Well we got big fat yes on 14th Aug and still haven't met our LO! Planning meeting on 6th tho so hopefully be joining you all on intros this month! Xx


----------



## Sq9 (Jan 15, 2013)

That seems like a long time between panel and intros crazyroychick.  Hope you get a date very soon.
We have panel tomorrow morning.  I'm completely terrified.  Just hope they don't take issue with the paperwork not being signed or raise any other problems  
I work from 2 different sites and left 1 today which just felt completely surreal. If all goes ok tomorrow, I'm at the other site on Thursday then no more work for 13 and a half months   .  Completely bonkers!! Don't think we'll be getting much sleep tonight! 
Hope everyone is ok


----------



## Barbados Girl (Jul 7, 2012)

So much luck for tomorrow, sure you won't need it! X


----------



## Duckeggblue (Apr 3, 2013)

Good luck Sq


----------



## AdoptionDreams (Feb 10, 2010)

We have matching panel on the 20th Oct - hoping intros are early Nov.

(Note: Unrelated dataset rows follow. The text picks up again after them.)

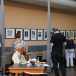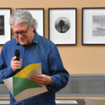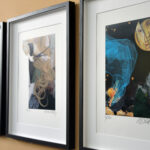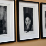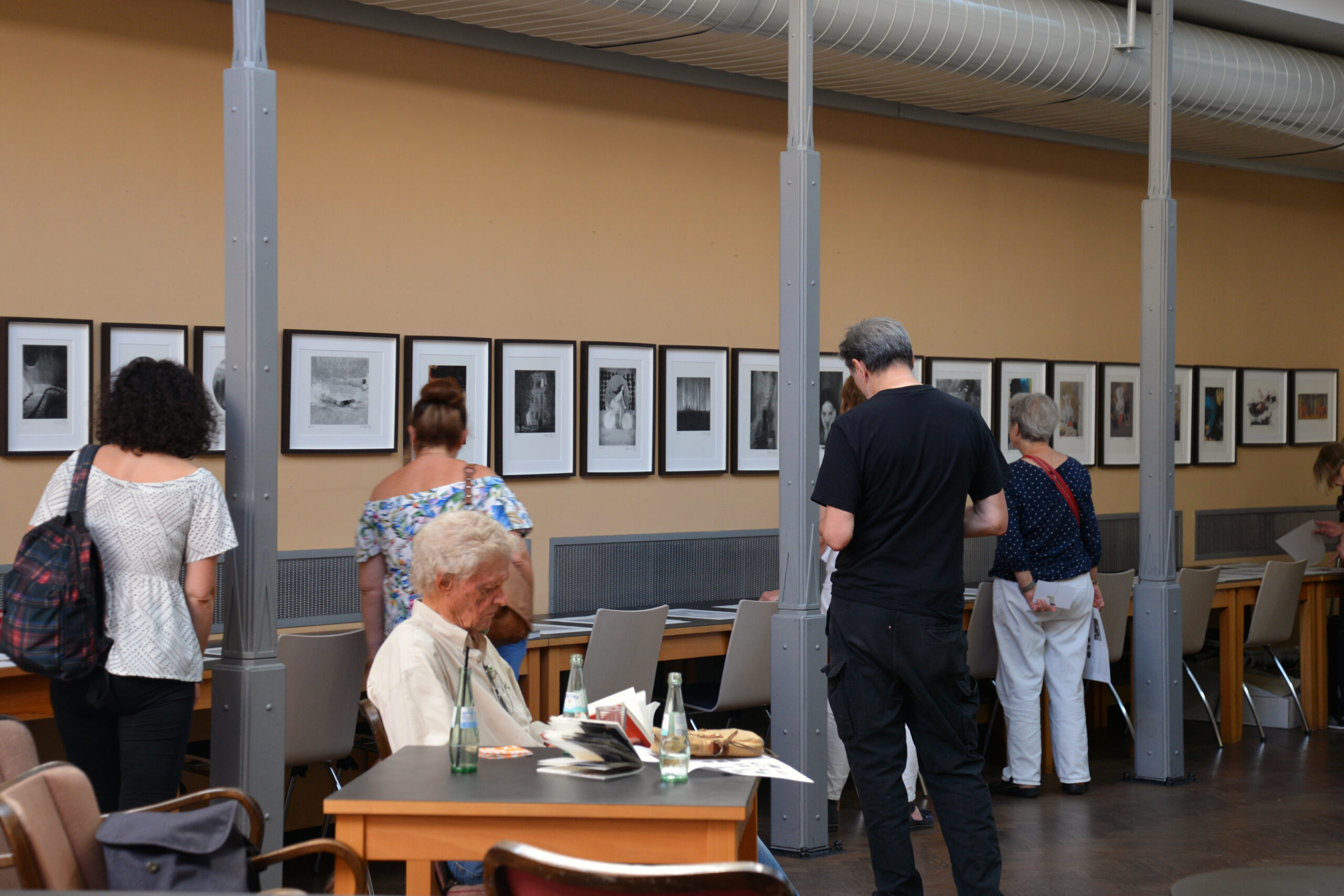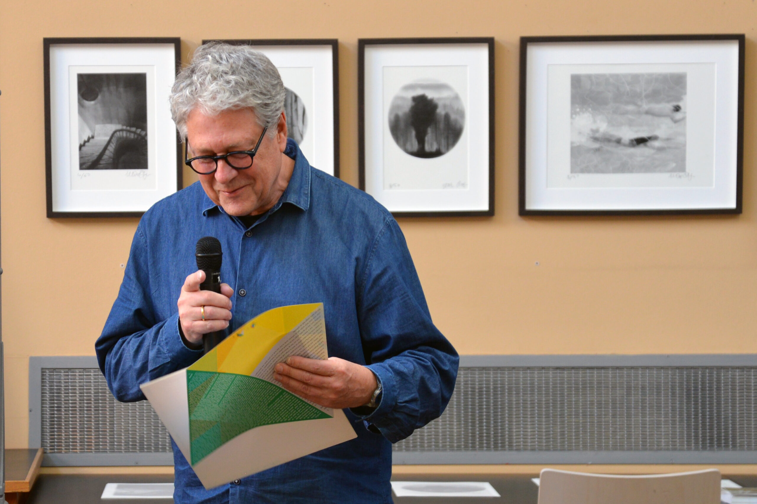 Heute Nachmittag wurde eine kleine, feine Ausstellung mit Bildern der Illustratorin Ulrike Möltgen im Heine Haus in Düsseldorf eröffnet. Rudolf Müller, der mit Selinde Böhm die Müller & Böhm Literaturhandlung im Heine Haus betreibt, erinnerte sich in seiner Ansprache daran, wie Ulrike Möltgen eines Tages – damals noch im Ladenlokal in der Neustraße – vor ihm stand und ihm eine Arbeit zu Gertrude Stein anbot. Das Blatt in einer Hülle sei etwas sperrig gewesen, erzählte der Buchhändler, aber auch interessant. Wenn er 50 Stück abnehme, habe sie eine Wette gewonnen, habe die Studentin von Wolf Erlbruch damals erklärt. Und dann habe er eben 50 Stück genommen.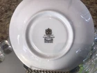 Vintage Teal Footed Wide Mouth Paragon Teacup and Saucer with Floral Center of Carnations and Gold Accents / Gold Trim in Very Good Condition. The cup measures approximately 2 1/4 inches in height and 4 inches in diameter the saucer 5 1/2 inches. Please note the paragon logo is faded on the cup and there is a chip on the rim of the saucer’s backside slight gold loss.There are no utensil marks but there is a scratch on the footed gold section of the cup and a couple of manufacturer marks refer photos. U.S. customs tax to be paid by buyer.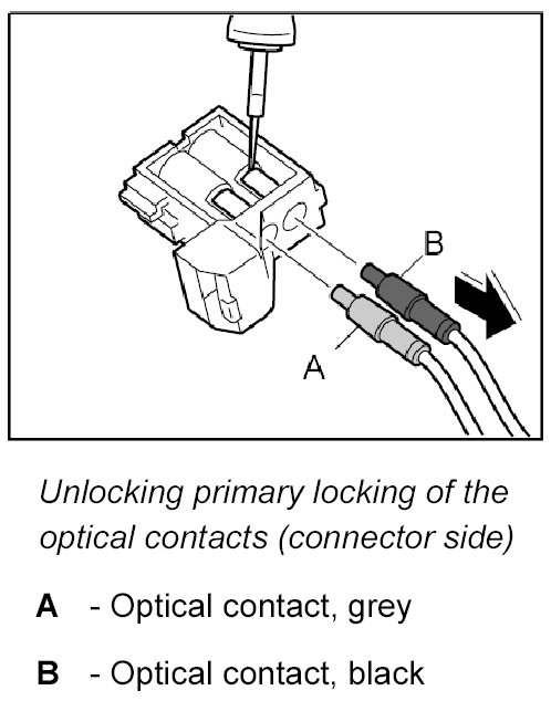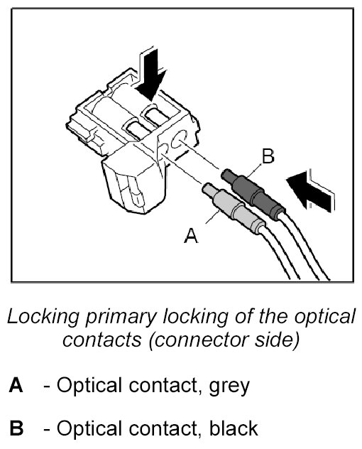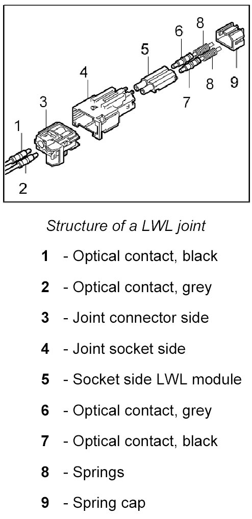 The LWL is delivered with affixed plastic contacts. These contacts are latched in the connector housing in the case of repairs. Grey and black contacts with identical mechanical dimensions are used.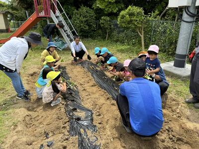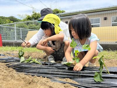 6日(木)は、みんなでさつまいもの苗植えをしました

Good luck for tomorrow xx


----------



## Sq9 (Jan 15, 2013)

We got a big fat yes    . 
Panel was actually fine and not at all like approval panel.  We were told as soon as we went in it was a unanimous yes and then they didn't really ask us any questions, just general chat about little pink.  We meet her next Thursday and then bring her home for keeps the following Wednesday.  Would have been a day earlier but there is a strike on the Tuesday so can't be moved then! So 2 weeks today she will be home   OMG we are parents!!! Feel really numb at the minute but am sure some bubbles tonight will help it all sink in.  
Take care everyone and good luck for those with panel soon


----------



## Waiting_patiently (Dec 4, 2013)

Sq9 said:


> We got a big fat yes   .
> Panel was actually fine and not at all like approval panel. We were told as soon as we went in it was a unanimous yes and then they didn't really ask us any questions, just general chat about little pink. We meet her next Thursday and then bring her home for keeps the following Wednesday. Would have been a day earlier but there is a strike on the Tuesday so can't be moved then! So 2 weeks today she will be home  OMG we are parents!!! Feel really numb at the minute but am sure some bubbles tonight will help it all sink in.
> Take care everyone and good luck for those with panel soon


Yay congrats SQ9, wow not long to wait then, its a surreal time, our lo has been home 9 days now and is already tucked up fast asleep upstairs, wonderful times to look forward too xx


----------



## Barbados Girl (Jul 7, 2012)

So wonderful. Ours has been home a month and is currently refusing to sleep, crawling all over the bed and trying to take my glasses off while cackling with laughter. Still love every moment!


----------



## Lorella (Jan 10, 2013)

Huge congrats Sq9!! Xx

We have matching panel a week today! Finish work next Tuesday! Can't wait xxx


----------



## crazyroychick (Aug 21, 2012)

Congrats Sq9, we are starting intros next Thursday all being well too, find out for defo at planning meeting on Monday x


----------



## AdoptionDreams (Feb 10, 2010)

Panel tomorrow! I feel sick xx


----------



## becs40 (Apr 9, 2013)

Good luck tomorrow. I'm sure it will be fine.


----------



## Handstitchedmum (Mar 24, 2013)

Good luck!!


----------